Why do I retain attachment to such a famously problematic word, hysteria, when it invites metaphor and messy historical analogy? Rachel Mesch writes that the contemporary feminist answer to the question of hysteria can be summarized through two broad directions:

[The first] examines the gender hierarchy of the medical profession and its victimization of women through history and literature; in this light, the hysteria diagnosis is revealed to have unfairly silenced women who threatened the social order. The other trend takes a more psychoanalytic perspective, seeing hysteria, in Carol Smith-Rosenberg’s terms, as a desperate “flight into illness.” From this perspective radical French feminists like Hélène Cixous, Catherine Clément, and Luce Irigaray recognize hysteria as a form of female resistance. Irigaray, for example, recognizes the revolutionary potential of the hysteric as a “culturally induced symptom.” Irigaray’s hysteric herself deliberately assumes the feminine role, carrying on a charade of feminized suffering to, in her words “convert a form of subordination into an affirmation, and thus begin to thwart it.”

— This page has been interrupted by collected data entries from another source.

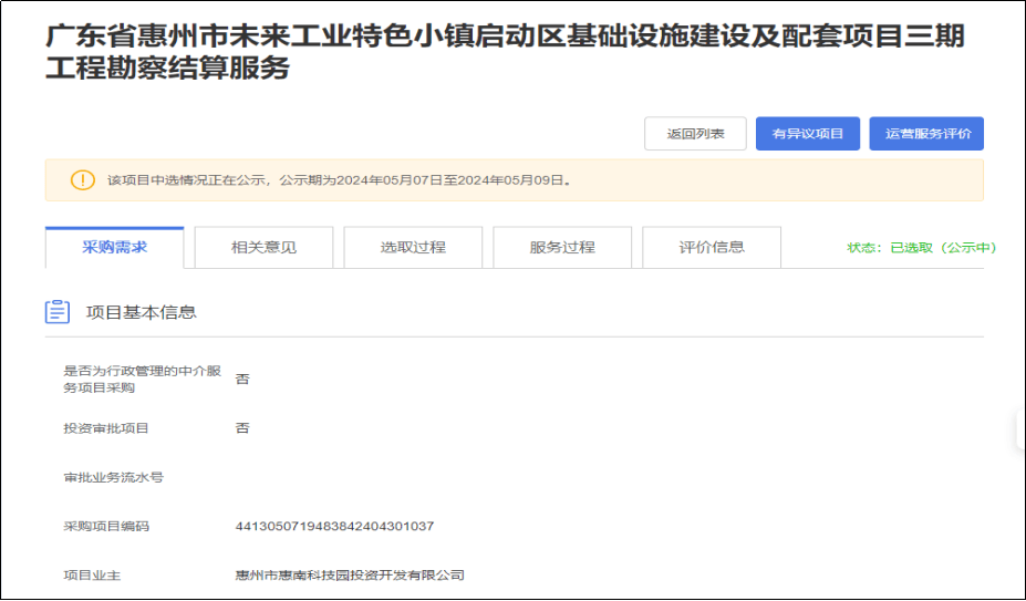 【公示】廣東省惠州市未來(lái)工業(yè)特色小鎮(zhèn)啟動(dòng)區(qū)基礎(chǔ)設(shè)施建設(shè)及配套項(xiàng)目三期工程勘察結(jié)算服務(wù)
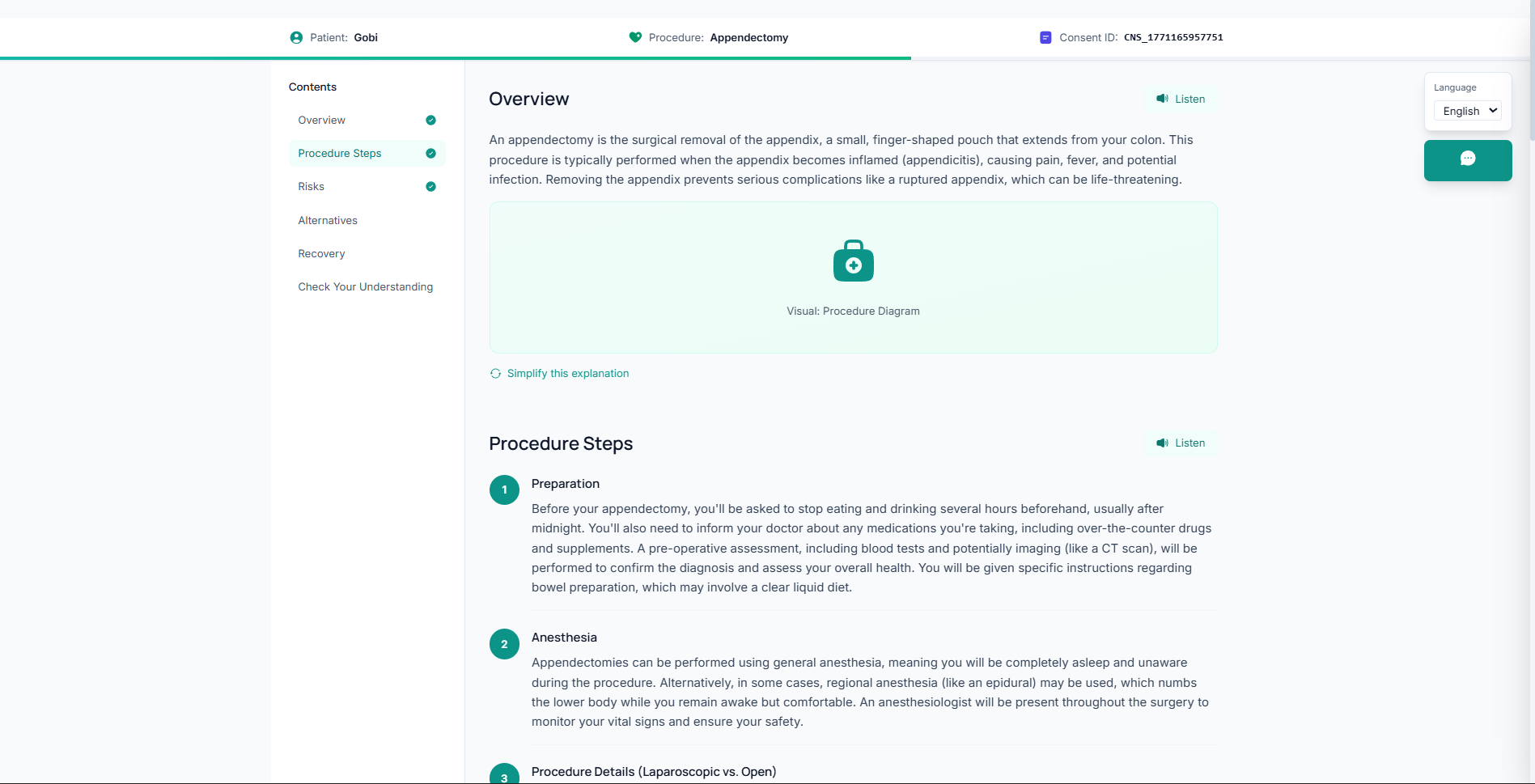 Instead of medical jargon, AI explains what the procedure is, why it's needed, the risks and benefits, and alternatives. AI assists understanding — it does not replace human responsibility.
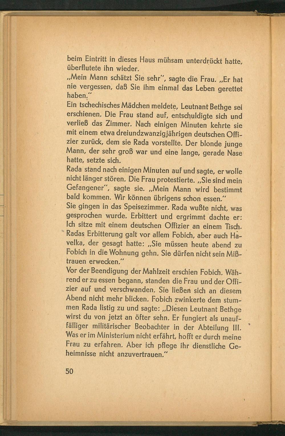 Vor der Beendigung der Mahlzeit erschien Fobich. Während er zu essen begann, standen die Frau und der Offizier auf und verschwanden. Sie ließen sich an diesem Abend nicht mehr blicken. Fobich zwinkerte dem stummen Rada listig zu und sagte: ,, Diesen Leutnant Bethge wirst du von jetzt an öfter sehn. Er fungiert als unauffälliger militärischer Beobachter in der Abteilung III. Was er im Ministerium nicht erfährt, hofft er durch meine Frau zu erfahren. Aber ich pflege ihr dienstliche Geheimnisse nicht anzuvertrauen."
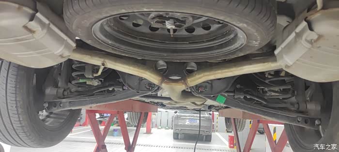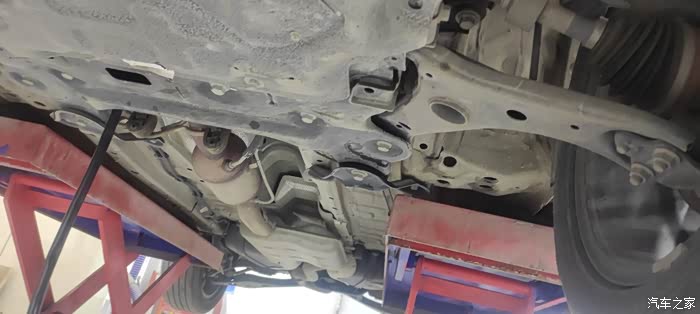 高速上的碎石、乡道的坑洼让我一路提心吊胆。升举机上的瑞虎8 Pro底盘暴露后,我重点检查了三点:
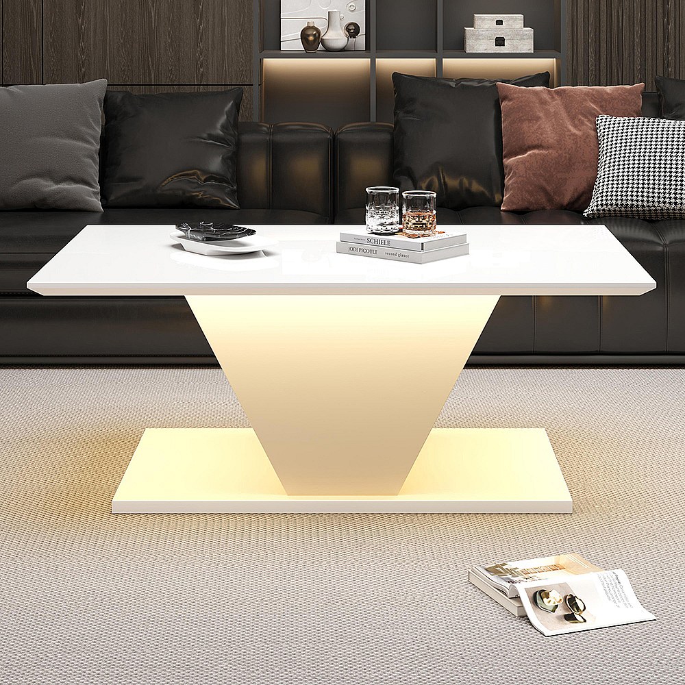 Table basse forme spéciale V LED éclairage brillante petit espace blanche d'appoint

In everyday use, hysteria still means “uncontrolled or dramatic emotional display,” but in the Lacanian psychoanalysis clinic, the hysteric holds revolutionary potential. It was Lacan who, in his four discourses, set up the hysteric’s discourse as that which can overturn fixity and uncover new lines of inquiry. In a Lacanian clinic, a hysteric diagnosis is far from an affront: as the psychoanalyst Anouchka Grose puts it, “Dissatisfaction is the motor for desire, and desire drives existence. Hysterics specialise at using dissatisfaction to keep desire spinning, acting against atrophy and ossification. Far from trying to get them to stop fussing and get back in line, one might encourage them to take their questioning further, to use it in their lives and work, and to even attempt to enjoy it.” If, as Lacan said, the only distinction between humans and animals is that we are afraid of our shit, the hysteric, unafraid of paradox or truth or shit, can be seen as a seeker, someone who uses her discomforts and dissatisfactions as means to interrogate the Other. The hysteric’s dissatisfaction keeps desire spinning—a preferable interpretation to the body-as-contradiction being problematized.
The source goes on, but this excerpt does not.